··· DATASET RECORDS ···

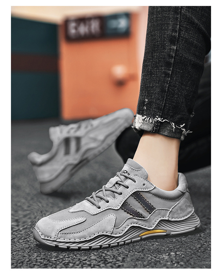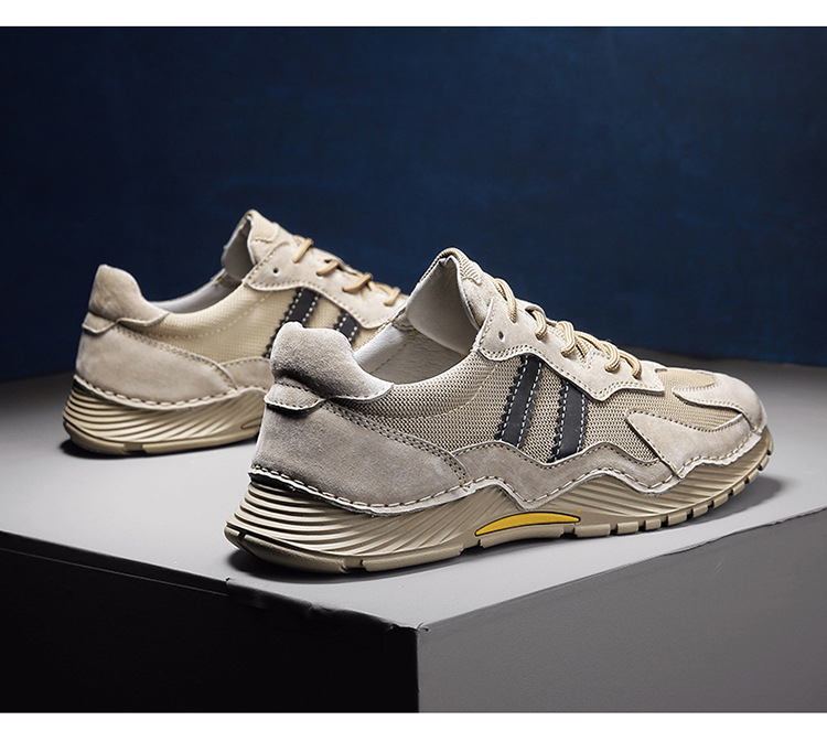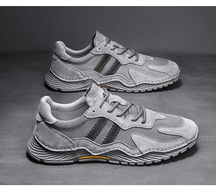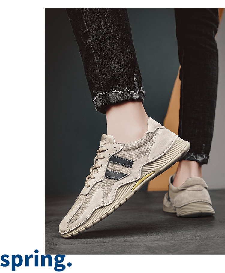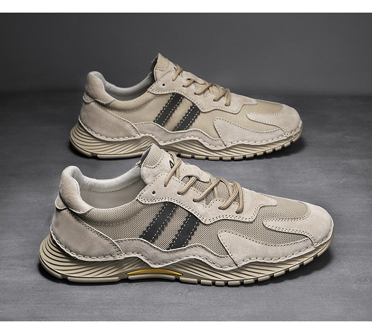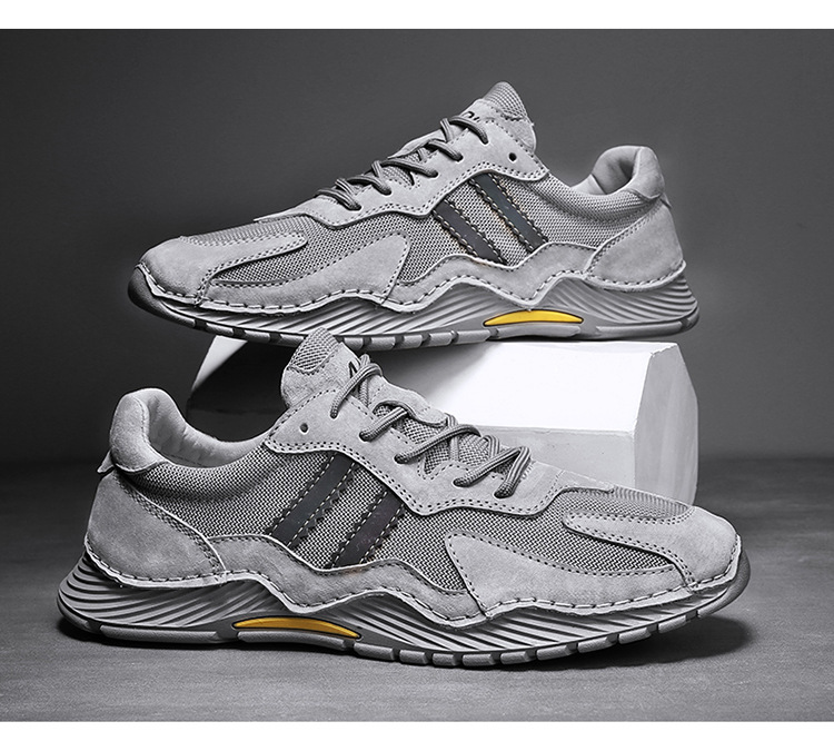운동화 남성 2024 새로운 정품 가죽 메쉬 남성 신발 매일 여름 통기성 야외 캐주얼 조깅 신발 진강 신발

···
··· DATASET RECORDS ···

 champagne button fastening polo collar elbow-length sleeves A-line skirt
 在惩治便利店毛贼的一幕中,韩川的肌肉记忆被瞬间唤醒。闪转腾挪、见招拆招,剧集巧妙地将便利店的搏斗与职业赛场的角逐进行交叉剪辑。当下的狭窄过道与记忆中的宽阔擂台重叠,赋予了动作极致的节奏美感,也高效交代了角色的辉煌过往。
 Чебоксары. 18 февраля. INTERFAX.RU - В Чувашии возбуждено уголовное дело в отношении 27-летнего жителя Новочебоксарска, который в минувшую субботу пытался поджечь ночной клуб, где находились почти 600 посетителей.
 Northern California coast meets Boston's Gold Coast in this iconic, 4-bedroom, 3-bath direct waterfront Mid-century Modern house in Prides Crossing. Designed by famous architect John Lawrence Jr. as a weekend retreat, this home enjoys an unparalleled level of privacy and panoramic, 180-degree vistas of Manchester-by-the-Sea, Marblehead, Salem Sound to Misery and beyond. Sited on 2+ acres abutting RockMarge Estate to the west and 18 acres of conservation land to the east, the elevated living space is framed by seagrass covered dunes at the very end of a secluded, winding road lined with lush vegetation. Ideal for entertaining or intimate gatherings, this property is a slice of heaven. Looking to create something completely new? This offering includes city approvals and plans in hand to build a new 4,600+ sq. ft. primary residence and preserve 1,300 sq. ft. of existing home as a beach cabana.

···

*TRY IT*. Repeat, exactly as they stand above, the lines from the line with "champagne button fastening" to the line with "在惩治便利店毛贼的一幕中,韩", both lines included.

*TASK ANSWER*.
 champagne button fastening polo collar elbow-length sleeves A-line skirt
 在惩治便利店毛贼的一幕中,韩川的肌肉记忆被瞬间唤醒。闪转腾挪、见招拆招,剧集巧妙地将便利店的搏斗与职业赛场的角逐进行交叉剪辑。当下的狭窄过道与记忆中的宽阔擂台重叠,赋予了动作极致的节奏美感,也高效交代了角色的辉煌过往。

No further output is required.